BLOOD BANK is a new Australian play by a new writer Christopher Harley, at the Ensemble Theatre. It was part of the Ensemble Stages 2013 Spring Reading.
It is set in the waiting room of a Blood Bank. Michael is waiting to donate blood to his very ill twin brother Justin, both played, well, by Tom Stokes. There they are both accosted, separately, of course, by a noisy (obnoxious) young woman, Abbey, played by Gabrielle Scawthorn. A love story, of a kind develops, and the consequences between the three become complicated by illness, sex, death, guilt and a frustrated anger. Only 90 minutes long the play production begins and ends with a video backstory (AV: Tim Hope) that is, also, interspersed throughout the live action of the play. We watch and hear the two boys, Michael and Justin, as children, on an adventure in the ‘bush’ with their brother Ben, who dies in some kind of accident. Justin carries the memory of that day terribly, still, along with his illness.

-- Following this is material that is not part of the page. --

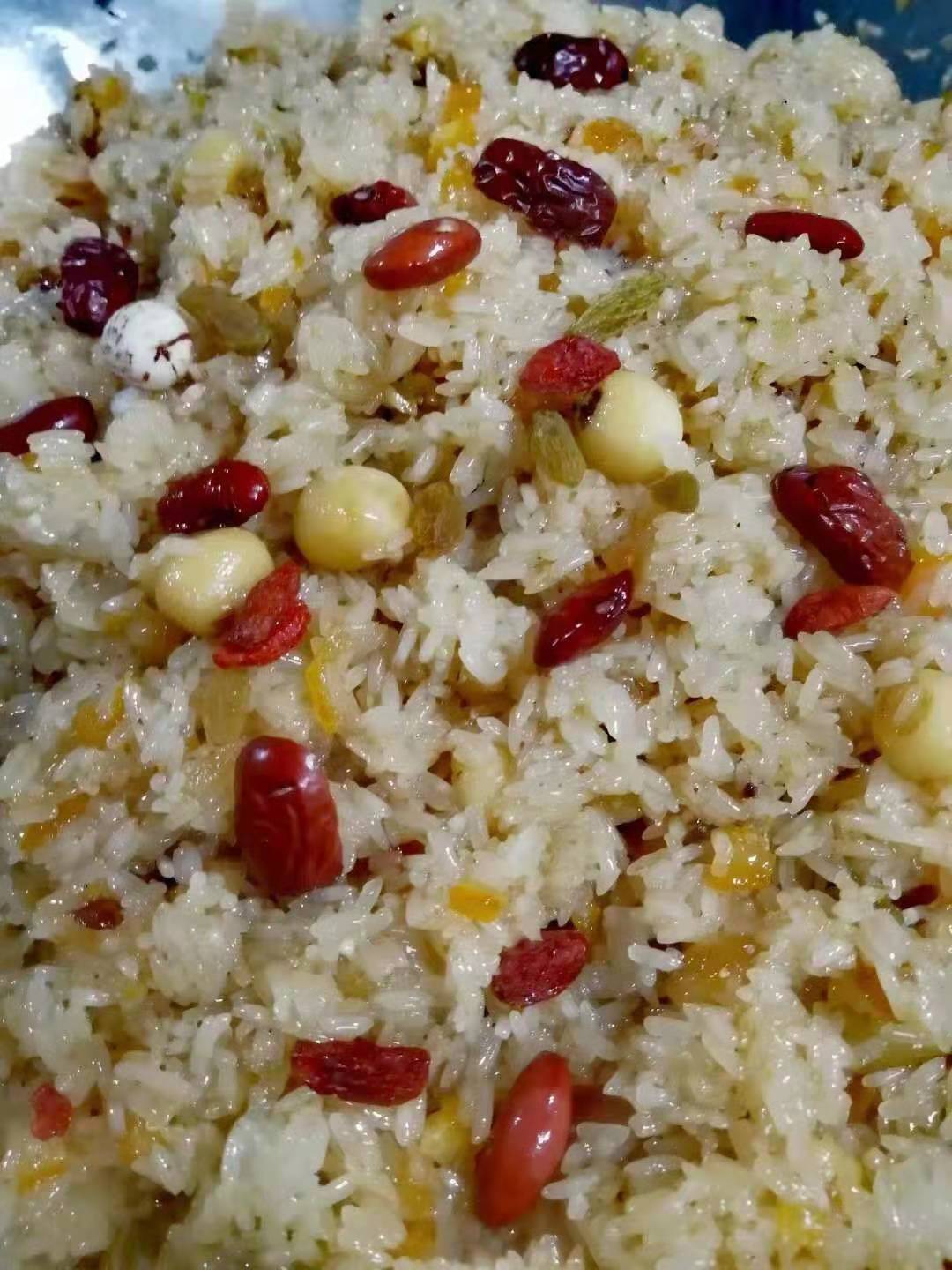 传统的【老长沙手工果饭】一定少不了红枣 ,湘莲🍈 ,桔饼🍋 ,枸杞🍒 ,葡萄干🍇 ,红薯干🍠 ,冬瓜糖🥔 ,红绿丝🍍 ,红糖🥝 ,桂花蜜🥑 ………

The writing is promising in some of the dialogue exchanges, but the play is tedious in its very familiar and obvious narrative-content and seems to ‘glory’ in its sentimentality, never knowing when to end – there are so many endings – it felt like a slow drip torture. As well, some of the incidents of the play, such as nursing staff leaving a box of freshly collected blood bags in the waiting room unattended, are hardly credible, and derail one’s suspension of belief, and the ‘romantic’ directorial touches e.g. the dropping of snow with moody music seems more than a trifle over-egged for a feel-good sentiment, at the play’s end. (I recollected Anthony Skuse’s similar tendencies in his production of CARESS/ACHE earlier this year).

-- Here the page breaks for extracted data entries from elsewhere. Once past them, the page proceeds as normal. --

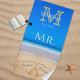 Wedding Hearts in Sand Family Monogram, Brides Mr. Beach Towel.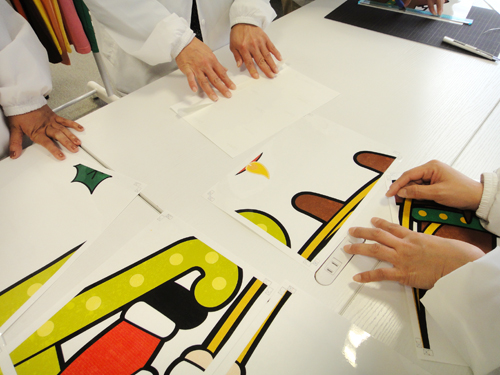 境目を合わせて繋ぎ合わせて行きます。イラストがずれないように慎重に繋げます。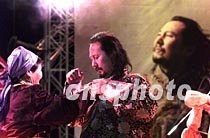 《蒼狼大地》——騰格爾演唱會(huì)五日晚在北京舉行,蒙古族歌手騰格爾的母親親手為他穿上蒙古袍。中新社記者 滿會(huì)喬 攝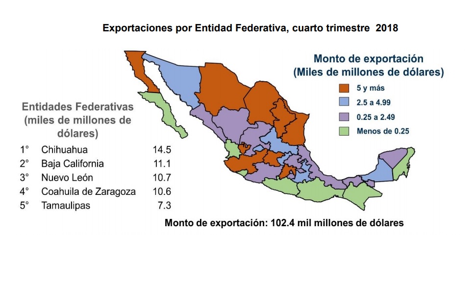 México. En el cuarto trimestre de 2018, Chihuahua, Baja California y Nuevo León fueron las principales entidades federativas que realizaron exportaciones de mercancías, de acuerdo con el Instituto Nacional de Estadística y Geografía (INEGI).
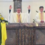 »Schön, dass Sie alle da sind und wir fast wieder normal miteinander die Osternacht feiern können«, begrüßte Pfarrer Gerner. Er bezeichnete das Licht als das zentrale Element der Osternacht. Pfarrer Gerner erklärte zu der derzeitigen Dunkelheit des Krieges, dass das Feuer/Licht dazu einen Kontrapunkt setzt. »Jesus hat uns Licht geschenkt und Hoffnung. Er vertreibt die Dunkelheiten unseres Lebens«, betonte Gerner. Er segnete das öster liche Feuer und entzündete eine Flamme, die wiederum die Osterkerze entfachte.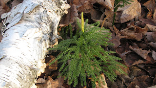 With the beautiful fall days we’ve been having, it’s a great time to get out for a walk in the woods. Some may think of November as a dreary month, but all around us life endures. In full display this time of year are the Clubmosses, one of several species of plants that belong to the plant family Lycopodiaceae. Princess pine, ground cedar, tree clubmoss and running pine are all members of this same family, and are often referred to simply as Lycopodiums. Among our favorites is the princess pine or flat-branched tree club-moss (Dendrolycopodium obscurum) shown here.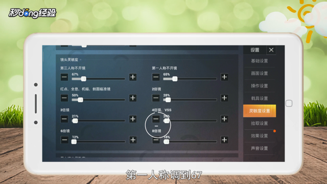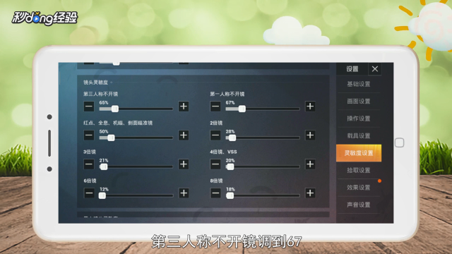[图]2/10点击“灵敏度设置”,将“第三人称不开镜”调到“67”。

The efforts of all the artists involved: Anthony Skuse, Director; Tobhiyah Stone Feller, Designer (the very simple set design does double duty, being the space used for the Ensemble’s concurrent production David Hare’s MY ZINC BED, as well); Nicholas Higgins, Lighting; as well as the actors, including Meredith Penman, (over)playing a number of subsidiary, thinly written functionary roles, entertained the small audience I was with, some of them moved by the production.
It is interesting to see the work of a new Australian writer (part of the reason for my trekking over the bridge, despite the trains being cancelled), but I had an experience that made me to want to get out the blue-pen and edit it, shorten it, and to dilute the overwritten heart-tugging calamities of the text and production.
Mr Harley has another new play scheduled for the Darlinghurst Season of 2016: REMEMBERING PIRATES, in September-October. Peter Pan etc, it seems.